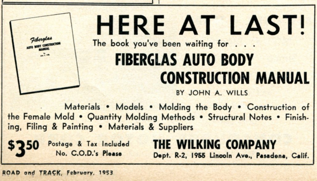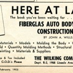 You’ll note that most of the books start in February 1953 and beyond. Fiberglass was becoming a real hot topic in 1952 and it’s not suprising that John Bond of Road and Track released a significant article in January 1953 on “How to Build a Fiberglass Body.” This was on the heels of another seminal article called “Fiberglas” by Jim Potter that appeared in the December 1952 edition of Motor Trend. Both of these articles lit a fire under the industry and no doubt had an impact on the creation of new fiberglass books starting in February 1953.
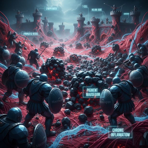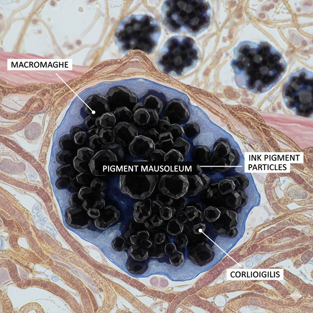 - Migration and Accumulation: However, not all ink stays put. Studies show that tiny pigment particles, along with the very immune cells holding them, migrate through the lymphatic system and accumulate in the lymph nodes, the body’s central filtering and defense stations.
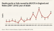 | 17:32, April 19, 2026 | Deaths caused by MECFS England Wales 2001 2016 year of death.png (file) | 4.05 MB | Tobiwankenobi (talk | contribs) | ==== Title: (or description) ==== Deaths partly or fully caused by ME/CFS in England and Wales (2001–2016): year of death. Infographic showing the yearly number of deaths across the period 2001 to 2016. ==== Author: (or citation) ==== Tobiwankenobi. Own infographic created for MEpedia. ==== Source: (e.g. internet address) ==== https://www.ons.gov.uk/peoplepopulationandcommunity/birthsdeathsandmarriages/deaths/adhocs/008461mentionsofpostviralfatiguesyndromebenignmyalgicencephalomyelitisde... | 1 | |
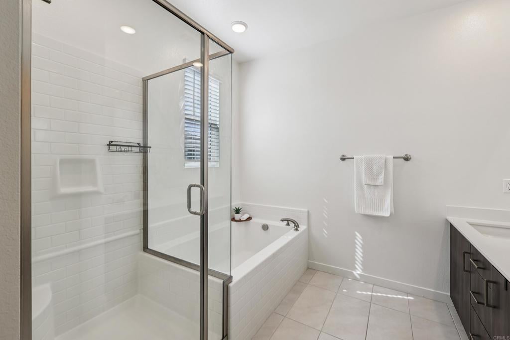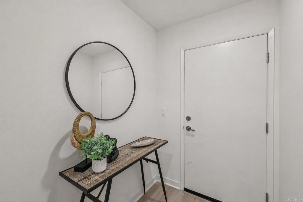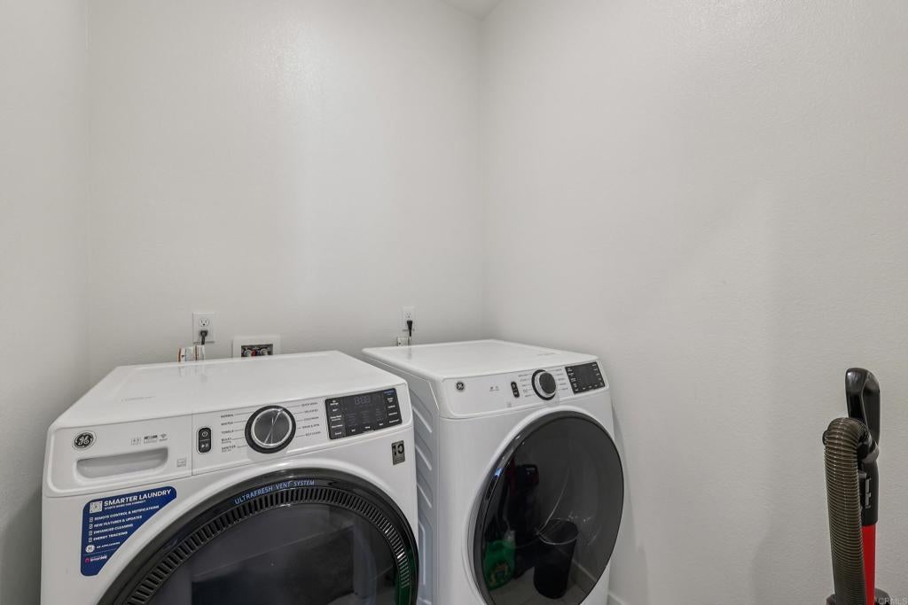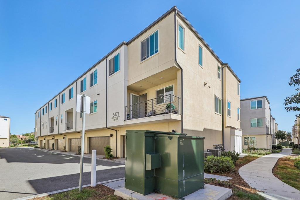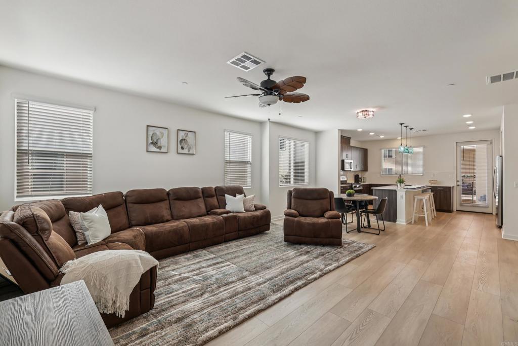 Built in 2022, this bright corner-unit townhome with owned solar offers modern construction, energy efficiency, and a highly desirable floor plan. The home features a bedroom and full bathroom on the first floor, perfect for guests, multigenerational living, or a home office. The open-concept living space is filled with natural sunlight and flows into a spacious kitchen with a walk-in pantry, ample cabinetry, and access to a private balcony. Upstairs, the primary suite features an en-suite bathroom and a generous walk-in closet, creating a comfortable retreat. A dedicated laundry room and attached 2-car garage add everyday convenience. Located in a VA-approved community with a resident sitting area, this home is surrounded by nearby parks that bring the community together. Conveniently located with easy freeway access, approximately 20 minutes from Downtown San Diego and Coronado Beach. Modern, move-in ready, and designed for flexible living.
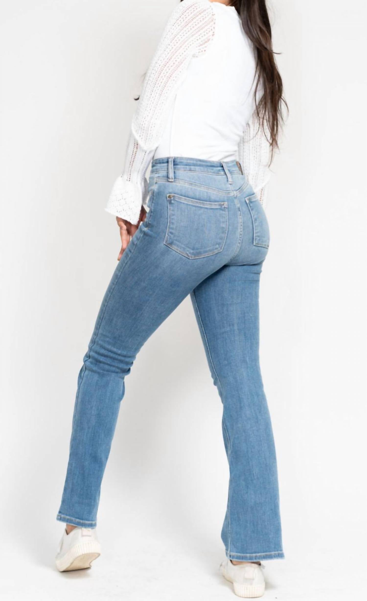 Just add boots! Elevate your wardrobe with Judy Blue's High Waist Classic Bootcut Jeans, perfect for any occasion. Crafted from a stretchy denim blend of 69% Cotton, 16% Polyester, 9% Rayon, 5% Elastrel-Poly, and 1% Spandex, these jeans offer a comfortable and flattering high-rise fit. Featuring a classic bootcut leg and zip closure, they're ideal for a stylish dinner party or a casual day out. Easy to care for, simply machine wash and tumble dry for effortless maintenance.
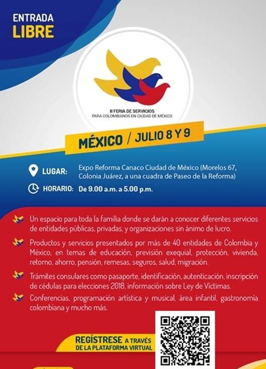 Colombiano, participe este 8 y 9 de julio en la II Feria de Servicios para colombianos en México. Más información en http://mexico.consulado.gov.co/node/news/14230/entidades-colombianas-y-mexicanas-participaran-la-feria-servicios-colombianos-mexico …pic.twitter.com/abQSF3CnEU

═══

● TASK: Repeat the records word for word. Leave out whatever pictures they hold.

● RESPONSE FOR THIS EXERCISE:
 You’ll note that most of the books start in February 1953 and beyond. Fiberglass was becoming a real hot topic in 1952 and it’s not suprising that John Bond of Road and Track released a significant article in January 1953 on “How to Build a Fiberglass Body.” This was on the heels of another seminal article called “Fiberglas” by Jim Potter that appeared in the December 1952 edition of Motor Trend. Both of these articles lit a fire under the industry and no doubt had an impact on the creation of new fiberglass books starting in February 1953.
 - Migration and Accumulation: However, not all ink stays put. Studies show that tiny pigment particles, along with the very immune cells holding them, migrate through the lymphatic system and accumulate in the lymph nodes, the body’s central filtering and defense stations.
 | 17:32, April 19, 2026 | Deaths caused by MECFS England Wales 2001 2016 year of death.png (file) | 4.05 MB | Tobiwankenobi (talk | contribs) | ==== Title: (or description) ==== Deaths partly or fully caused by ME/CFS in England and Wales (2001–2016): year of death. Infographic showing the yearly number of deaths across the period 2001 to 2016. ==== Author: (or citation) ==== Tobiwankenobi. Own infographic created for MEpedia. ==== Source: (e.g. internet address) ==== https://www.ons.gov.uk/peoplepopulationandcommunity/birthsdeathsandmarriages/deaths/adhocs/008461mentionsofpostviralfatiguesyndromebenignmyalgicencephalomyelitisde... | 1 | |
 Built in 2022, this bright corner-unit townhome with owned solar offers modern construction, energy efficiency, and a highly desirable floor plan. The home features a bedroom and full bathroom on the first floor, perfect for guests, multigenerational living, or a home office. The open-concept living space is filled with natural sunlight and flows into a spacious kitchen with a walk-in pantry, ample cabinetry, and access to a private balcony. Upstairs, the primary suite features an en-suite bathroom and a generous walk-in closet, creating a comfortable retreat. A dedicated laundry room and attached 2-car garage add everyday convenience. Located in a VA-approved community with a resident sitting area, this home is surrounded by nearby parks that bring the community together. Conveniently located with easy freeway access, approximately 20 minutes from Downtown San Diego and Coronado Beach. Modern, move-in ready, and designed for flexible living.
 Just add boots! Elevate your wardrobe with Judy Blue's High Waist Classic Bootcut Jeans, perfect for any occasion. Crafted from a stretchy denim blend of 69% Cotton, 16% Polyester, 9% Rayon, 5% Elastrel-Poly, and 1% Spandex, these jeans offer a comfortable and flattering high-rise fit. Featuring a classic bootcut leg and zip closure, they're ideal for a stylish dinner party or a casual day out. Easy to care for, simply machine wash and tumble dry for effortless maintenance.
 Colombiano, participe este 8 y 9 de julio en la II Feria de Servicios para colombianos en México. Más información en http://mexico.consulado.gov.co/node/news/14230/entidades-colombianas-y-mexicanas-participaran-la-feria-servicios-colombianos-mexico …pic.twitter.com/abQSF3CnEU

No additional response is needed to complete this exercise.